Network Security Internet Technology Development Database Servers Mobile Phone Android Software Apple Software Computer Software News IT Information

In addition to Weibo, there is also WeChat

Please pay attention

WeChat public account

Shulou

How to find and delete duplicate files in Linux

2025-01-14 Update From: SLTechnology News&Howtos shulou NAV: SLTechnology News&Howtos > Servers >

Share

Shulou(Shulou.com)06/01 Report--

This article is to share with you about how to find and delete duplicate files in Linux, the editor thinks it is very practical, so I share it with you to learn. I hope you can get something after reading this article.
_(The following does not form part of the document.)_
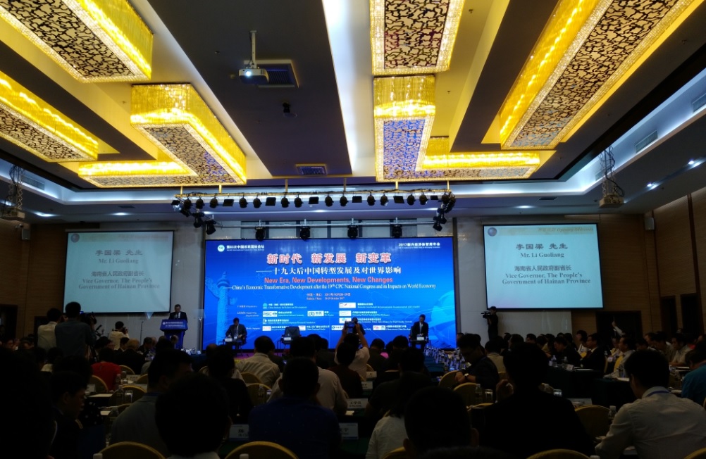 海南省副省长李国梁会见了国内外专家学者,并在开幕式致辞,代表海南省人民政府,对本次论坛表示热烈祝贺。他指出,十九大所阐释的新时代、新思想、新目标、新征程成为推进中国特色社会主义事业的行动指南。站在全新的历史起点,海南全省贯彻十九大重要精神,推进海南改革开放进程,建设经济繁荣、社会文明、生态宜居、人民幸福的美好新海南,争创中国特色社会主义实践范例。一是以“多规合一”改革为重点打造更具活力的体制机制,为经济持续健康发展提供新动能。二是坚持生态立省不动摇,实现绿色发展、科学发展的新突破。三是坚持扩大服务业市场开放,提升海南国际化水平。
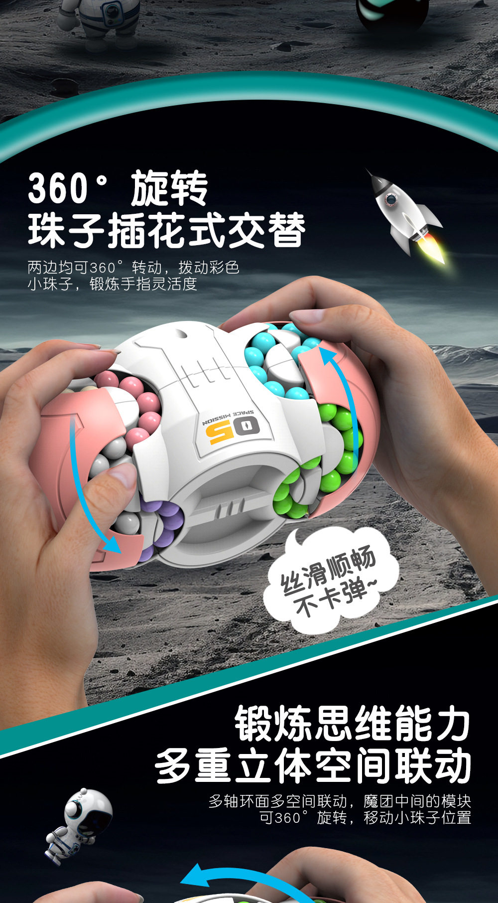 HomeProducts新款小学生智力开发魔方玩具无聊解压旋转魔豆儿童脑力玩具6-14岁

Find and delete duplicate files in Linux

For the purposes of this guide, I will discuss the following three tools:

Rdfind

Fdupes

FSlint

These three tools are free and open source and run on most Unix-like systems.

1. Rdfind

Rdfind, which means redundant data find (redundant data Lookup), is a free and open source tool that finds duplicate files by visiting directories and subdirectories. It is based on the content of the file rather than the name of the file. Rdfind uses a sorting algorithm to distinguish between original and duplicate files. If you have two or more identical files, Rdfind will intelligently find the original files and identify the remaining files as duplicate files. Once a copy of the file is found, it will report back to you. You can decide whether to delete or use hard links or symbolic (soft) links instead.

Install Rdfind

Rdfind exists in AUR. Therefore, in Arch-based systems, you can install it using any of the Yay AUR program helpers as below.

$yay-S rdfind

On Debian, Ubuntu, Linux Mint:

$sudo apt-get install rdfind

On Fedora:

$sudo dnf install rdfind

On RHEL, CentOS:

$sudo yum install epel-release$ sudo yum install rdfind

Usage

Once the installation is complete, run the Rdfind command with only the directory path to scan for duplicate files.

$rdfind ~ / Downloads

As you can see from the screenshot above, the Rdfind command scans the ~ / Downloads directory and stores the results in a file called results.txt under the current working directory. You can see the names of possible duplicate files in the results.txt file.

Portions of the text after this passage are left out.